The "scores" are relative values within a given cryptographic operation. The absolute values have no significance. Comparing the scores of different cryptographic operations is pointless.
The "standard" test uses integer arithmetics and bitwise operations. It is supposed to
be representative of the basic operations in symmetric and asymmetric cryptography.
There is no floating point tests since this type of data is not used in cryptography.
Currently, this test is very basic (see file src/bench_reference.cpp). Ideas to
improve it are welcome.
The results are presented in the file RESULTS.md.
The cryptobench program can be built on:
- Linux (tested on Ubuntu, Debian, Fedora, Redhat)
- macOS
Tested architectures:
- Intel x86_64 (aka amd64)
- Arm64 (aka aarch64)
Tested cryptographic libraries:
- OpenSSL
- GnuTLS
- MbedTLS
- Nettle (also used through GnuTLS)
- Libtomcrypt (with libtommath and/or GMP as math backends)
Tested algorithms:
- RSA (2048 and 4096 bits, encryption and signature)
- AES (128 and 256 bits, CBC mode on large data)
- 2048-bit modular arithmetic using OpenSSL
The modular arithmetic tests give performance indicators on the various elementary operations which are used by RSA. These tests may help to understand the differences in RSA performances between systems.

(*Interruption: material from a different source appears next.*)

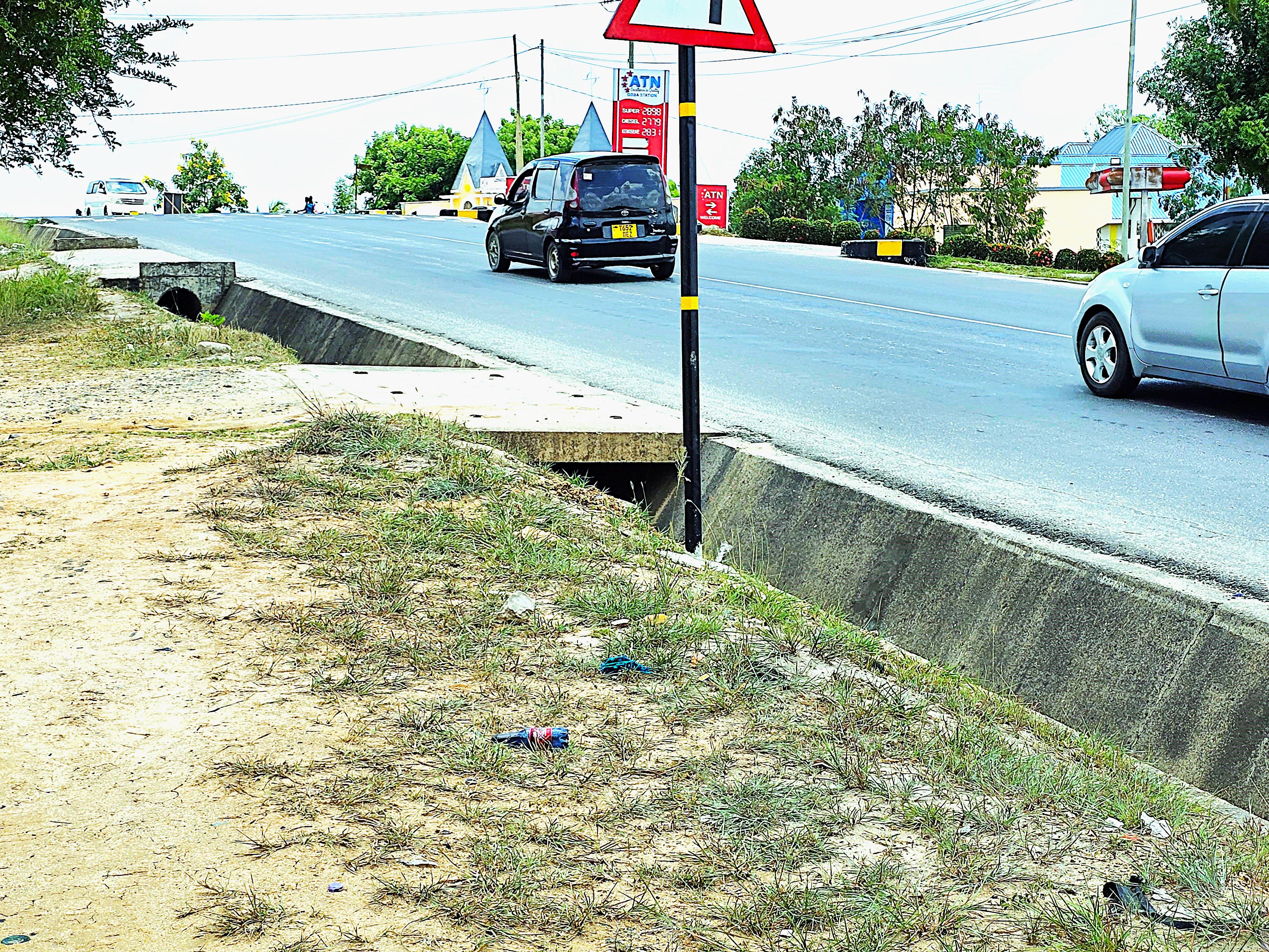 It is adjacent to the tarmac road.

Software prerequisites to build cryptobench:
- Ubuntu/Debian:
sudo apt install libssl-dev libmbedtls-dev libgnutls28-dev nettle-dev libtomcrypt-dev libtommath-dev libgmp-dev - Fedora/Redhat:
sudo dnf install openssl-devel mbedtls-devel gnutls-devel nettle-devel libtomcrypt-devel libtommath-devel gmp-devel - macOS:
brew install openssl mbedtls gnutls nettle libtomcrypt libtommath gmp
Note: On Ubuntu/Debian, the package libgnutls28-dev is probably misnamed.

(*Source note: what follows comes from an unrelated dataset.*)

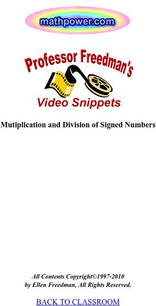 Professor Freedman's Video Snippets Multiply/divide Integers

It is the gnutls development environment for the latest versions of gnutls,
3.x.x as of this writing. It is not (or no longer) gnutls version 2.8.
Just run make to build the cryptobench executable. All objects are
produced in subdirectory build.
Without parameter, the cryptobench program runs all tests for
all libraries. Each cryptographic operation is repeatedly run during
at least 2 seconds.
Using command line options, it is possible to run only selected tests on selected libraries. Any combination is possible.
$ cryptobench --help
Command line options:
-h, --help : display this help text
-m sec, --min-time sec : minimum run time of each test in seconds
--min-iterations count : minimum number of iteration for each test
--aes-data-size count : data size for AES-CBC tests
-r, --reference : run reference benchmark only
Algorithms selection (all by default):
--aes, --rsa, --math
Crytographic libraries selection (all by default):
--gnutls, --mbedtls, --openssl, --nettle, --tomcrypt, --tomcrypt-gmp, --arm64
The --math option selects the individual modular arithmetics tests which
characterize RSA operations.
The arm64 pseudo-library is an implementation of AES using Arm64 specialized
accelerated instructions, through C/C++ intrinsics. It is run only on Arm64
processors supporting FEAT_AES.
Test reports are stored in the subdirectory reports and saved in the git
repository for reference.
The script tools/run-test.sh produces a benchmark report on the current system.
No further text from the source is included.